The contention of the appellants is that the testatrix did otherwise direct in her will that certain legatees should not be charged with the tax and that it must; therefore, be paid by the general legacies or the residuary estate. There being no residuary estate, the tax must be paid by the general legacies. There are several reasons why that contention appears to be correct.
The direct provisions of the will as set forth above provide that certain legatees should be paid without “ any deductions or decreases ” therefrom. The provision that all taxes and all administration expenses should be paid out of the residuary estate contemplated that there would be a residuary estate, in which event all legacies would be paid in full, and hence no question would arise in reference to taxes. There being no residuary estate, that provision of the will has no application.
We must, therefore, look to the other provisions of the will in order to ascertain the intent of the testatrix. The fact that the testatrix in several instances provided that there should be no deduction from the legacies for any transfer or inheritance taxes is clearly a direction by the testatrix that she desired these legacies to be paid in full. Her intention is again emphasized by the fact that the legacies to her servants must be paid within one month after her death and without any deduction therefrom on account of transfer, inheritance or other taxes.
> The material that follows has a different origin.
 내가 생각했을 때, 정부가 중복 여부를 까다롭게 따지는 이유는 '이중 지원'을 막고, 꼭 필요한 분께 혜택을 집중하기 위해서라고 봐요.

The direction made with reference to these legacies must be considered from the standpoint that there was no residuary estate. When so considered, it is necessary to wholly disregard the thirty-first paragraph of the will, with the result that the executors are required to pay in full the preferred legacies, and apportion the balance among the remaining unpreferred legacies.
Section 124 of the Decedent Estate Law, being applicable only in a case where the testator has failed to make a provision for the payment of taxes, has no application where the will provides that legacies must be paid in full within one month after the probate of the will " without any deduction,” and where it also clearly provides that other specific legacies must be paid in full as soon as possible and without deductions of any taxes or other administration expenses, irrespective of whether the estate shall be sufficient to pay all the legacies bequeathed.
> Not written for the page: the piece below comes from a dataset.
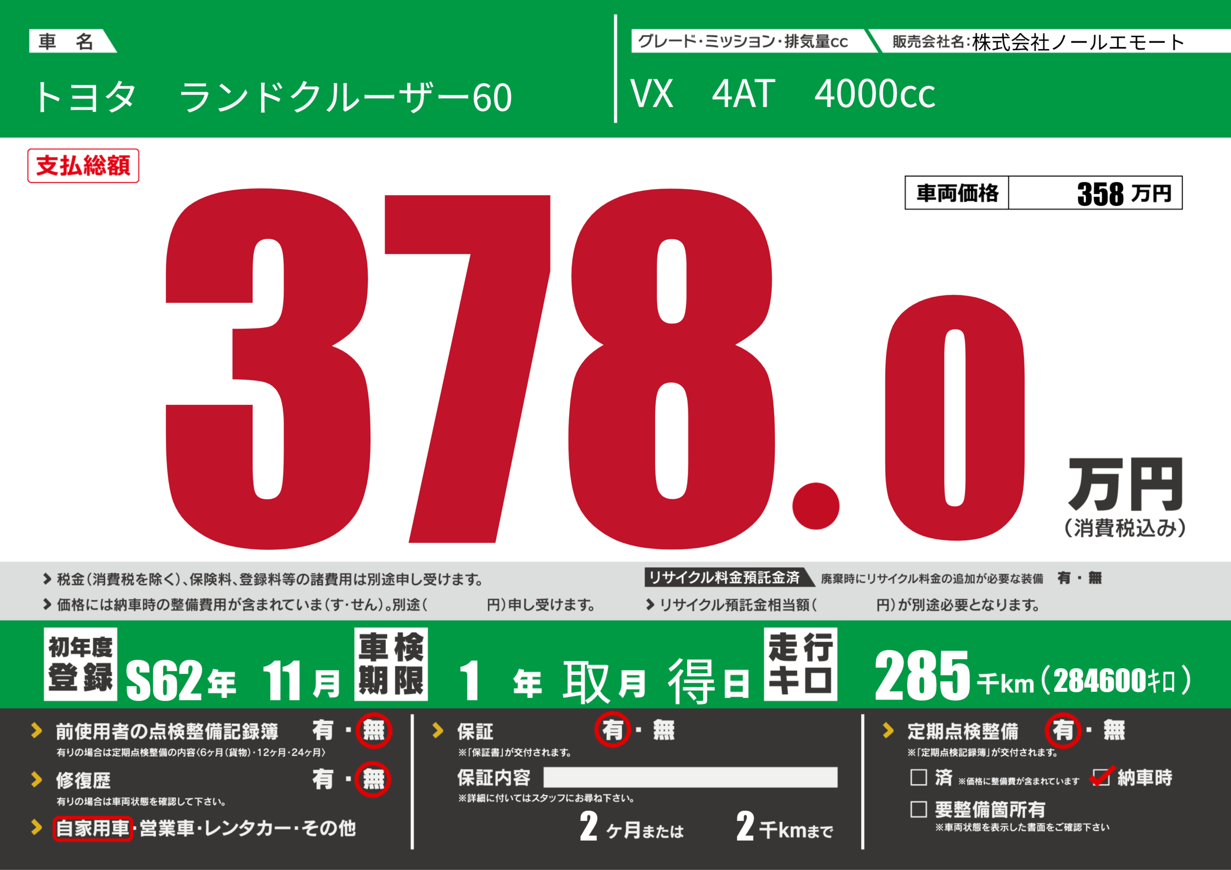 | 走行キロ | 28.5万km | 初年度登録 | S62年11月 |

*699We are of the opinion that the preferred legacies should not be compelled to bear any of the tax burden; that the executors should not be surcharged with those taxes, and that in order to give effect to the intent of the testatrix we must follow the construction of the will contended for by the executors.
The decree should, therefore, be modified to that extent, and as so modified affirmed, with costs to the appellants.
Finch, P. J., Merrell, O’Malley and Glennon, JJ., concur.
Decree so far as appealed from modified as indicated in opinion, and as so modified affirmed, with costs to the appellants. Settle order on notice.